# ABOUT THIS EXERCISE
Copy out the data below from the line containing "SHALIMAR TOWN | |||" to the line containing "The designer, Charlotte", both lines included, with all images left out.

+++++

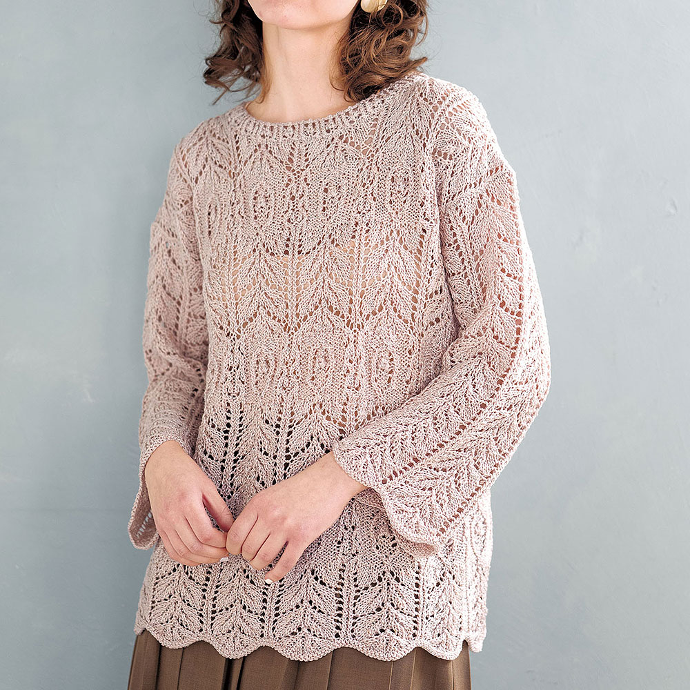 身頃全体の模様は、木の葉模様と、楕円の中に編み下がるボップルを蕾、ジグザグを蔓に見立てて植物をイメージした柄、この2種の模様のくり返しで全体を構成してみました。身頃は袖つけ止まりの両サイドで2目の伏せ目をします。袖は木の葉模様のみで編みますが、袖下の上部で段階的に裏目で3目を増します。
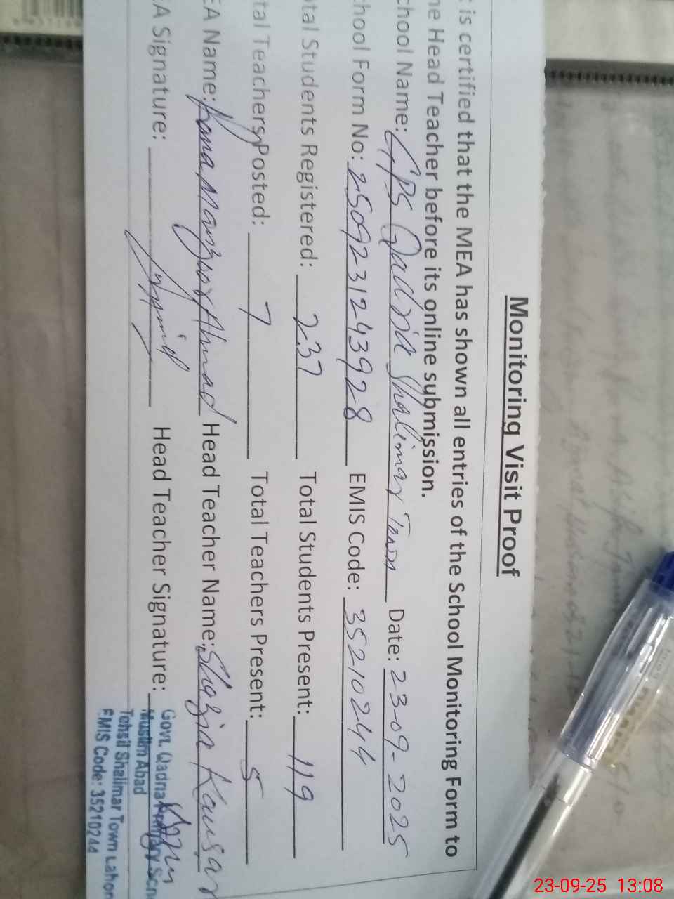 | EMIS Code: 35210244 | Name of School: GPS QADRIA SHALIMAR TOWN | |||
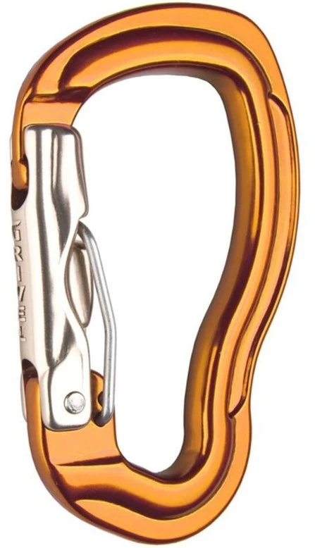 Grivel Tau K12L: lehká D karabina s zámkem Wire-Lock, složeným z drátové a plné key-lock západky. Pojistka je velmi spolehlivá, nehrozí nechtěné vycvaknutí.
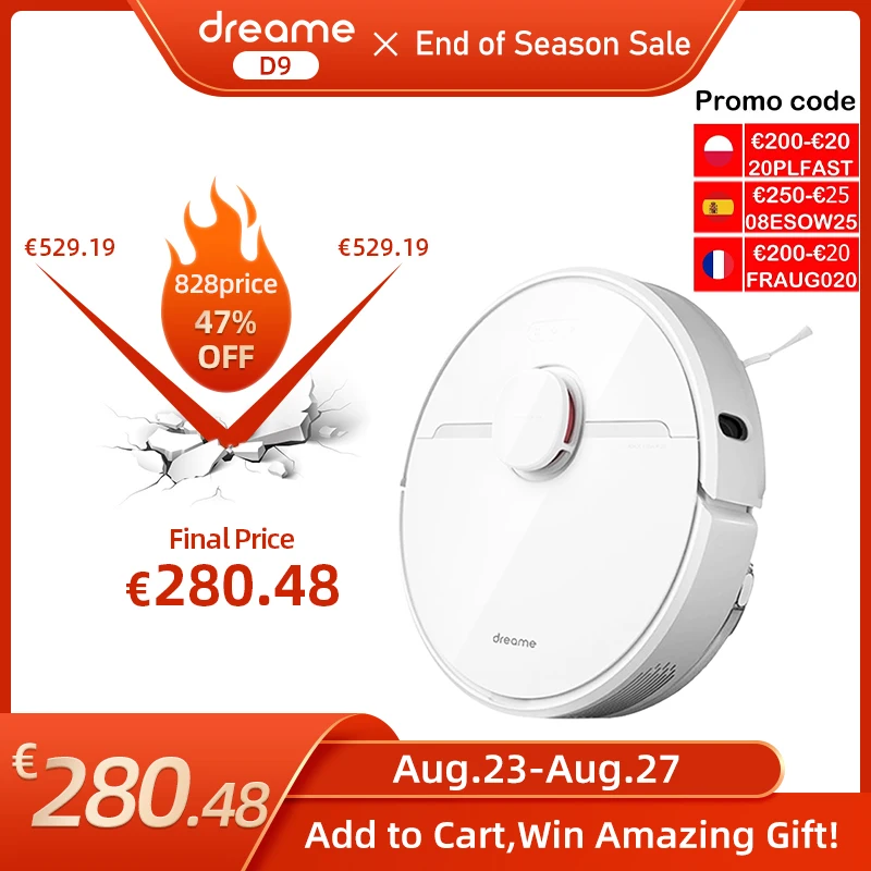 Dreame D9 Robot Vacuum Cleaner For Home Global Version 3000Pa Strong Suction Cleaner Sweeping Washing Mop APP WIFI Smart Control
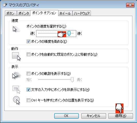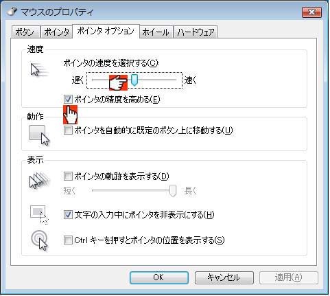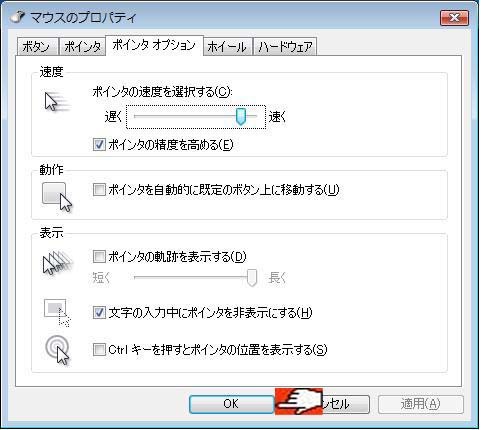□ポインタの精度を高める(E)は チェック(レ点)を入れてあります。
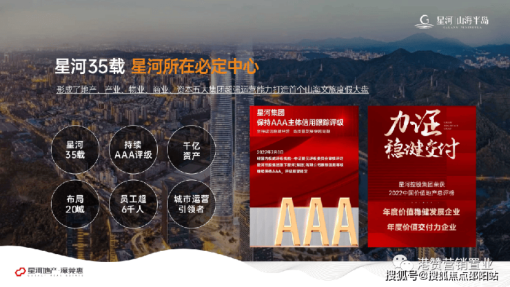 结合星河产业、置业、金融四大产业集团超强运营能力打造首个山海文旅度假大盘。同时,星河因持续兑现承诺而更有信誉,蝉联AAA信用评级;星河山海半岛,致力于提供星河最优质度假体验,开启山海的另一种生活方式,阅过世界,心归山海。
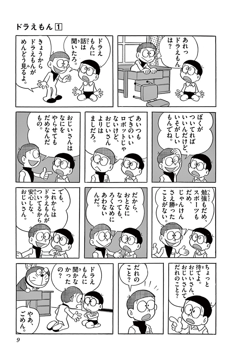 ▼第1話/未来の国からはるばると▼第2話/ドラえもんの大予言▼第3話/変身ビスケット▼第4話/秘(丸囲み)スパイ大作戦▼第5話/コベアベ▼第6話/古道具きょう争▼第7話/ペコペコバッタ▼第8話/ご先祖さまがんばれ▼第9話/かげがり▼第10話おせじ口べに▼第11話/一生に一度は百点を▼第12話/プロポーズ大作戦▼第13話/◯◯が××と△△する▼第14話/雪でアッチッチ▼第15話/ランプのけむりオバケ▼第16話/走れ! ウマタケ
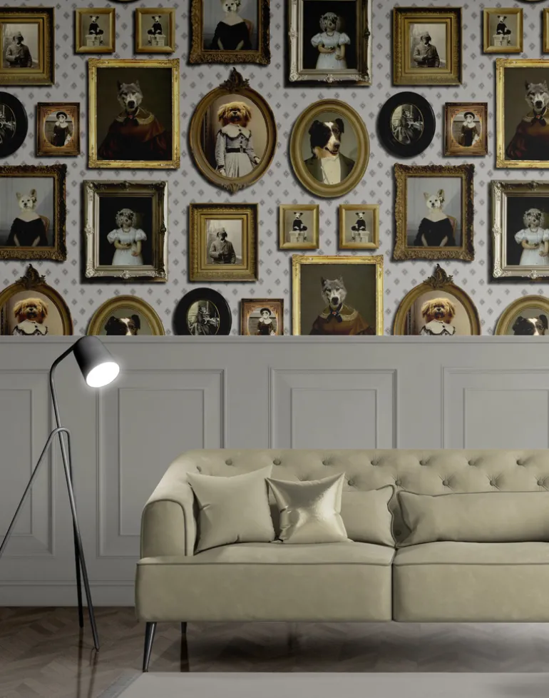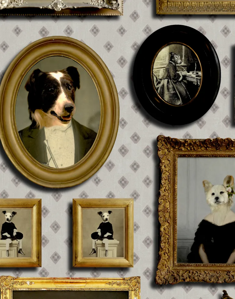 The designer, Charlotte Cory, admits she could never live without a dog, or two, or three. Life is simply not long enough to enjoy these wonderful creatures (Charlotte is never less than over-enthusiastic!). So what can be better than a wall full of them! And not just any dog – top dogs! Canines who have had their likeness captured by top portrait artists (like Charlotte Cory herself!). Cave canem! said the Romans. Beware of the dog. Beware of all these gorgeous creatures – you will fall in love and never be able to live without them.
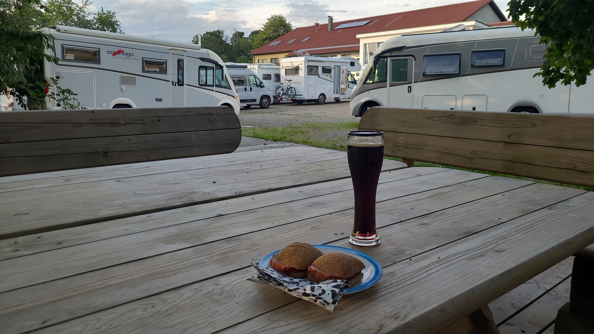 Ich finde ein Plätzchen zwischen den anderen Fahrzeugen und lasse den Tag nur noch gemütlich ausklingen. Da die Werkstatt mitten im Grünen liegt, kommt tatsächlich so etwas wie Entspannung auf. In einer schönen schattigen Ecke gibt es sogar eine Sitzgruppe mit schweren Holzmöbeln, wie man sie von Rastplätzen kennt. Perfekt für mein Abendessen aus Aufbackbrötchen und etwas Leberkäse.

+++++

# ANSWER SPACE
 | EMIS Code: 35210244 | Name of School: GPS QADRIA SHALIMAR TOWN | |||
 Grivel Tau K12L: lehká D karabina s zámkem Wire-Lock, složeným z drátové a plné key-lock západky. Pojistka je velmi spolehlivá, nehrozí nechtěné vycvaknutí.
 Dreame D9 Robot Vacuum Cleaner For Home Global Version 3000Pa Strong Suction Cleaner Sweeping Washing Mop APP WIFI Smart Control
□ポインタの精度を高める(E)は チェック(レ点)を入れてあります。
 结合星河产业、置业、金融四大产业集团超强运营能力打造首个山海文旅度假大盘。同时,星河因持续兑现承诺而更有信誉,蝉联AAA信用评级;星河山海半岛,致力于提供星河最优质度假体验,开启山海的另一种生活方式,阅过世界,心归山海。
 ▼第1話/未来の国からはるばると▼第2話/ドラえもんの大予言▼第3話/変身ビスケット▼第4話/秘(丸囲み)スパイ大作戦▼第5話/コベアベ▼第6話/古道具きょう争▼第7話/ペコペコバッタ▼第8話/ご先祖さまがんばれ▼第9話/かげがり▼第10話おせじ口べに▼第11話/一生に一度は百点を▼第12話/プロポーズ大作戦▼第13話/◯◯が××と△△する▼第14話/雪でアッチッチ▼第15話/ランプのけむりオバケ▼第16話/走れ! ウマタケ
 The designer, Charlotte Cory, admits she could never live without a dog, or two, or three. Life is simply not long enough to enjoy these wonderful creatures (Charlotte is never less than over-enthusiastic!). So what can be better than a wall full of them! And not just any dog – top dogs! Canines who have had their likeness captured by top portrait artists (like Charlotte Cory herself!). Cave canem! said the Romans. Beware of the dog. Beware of all these gorgeous creatures – you will fall in love and never be able to live without them.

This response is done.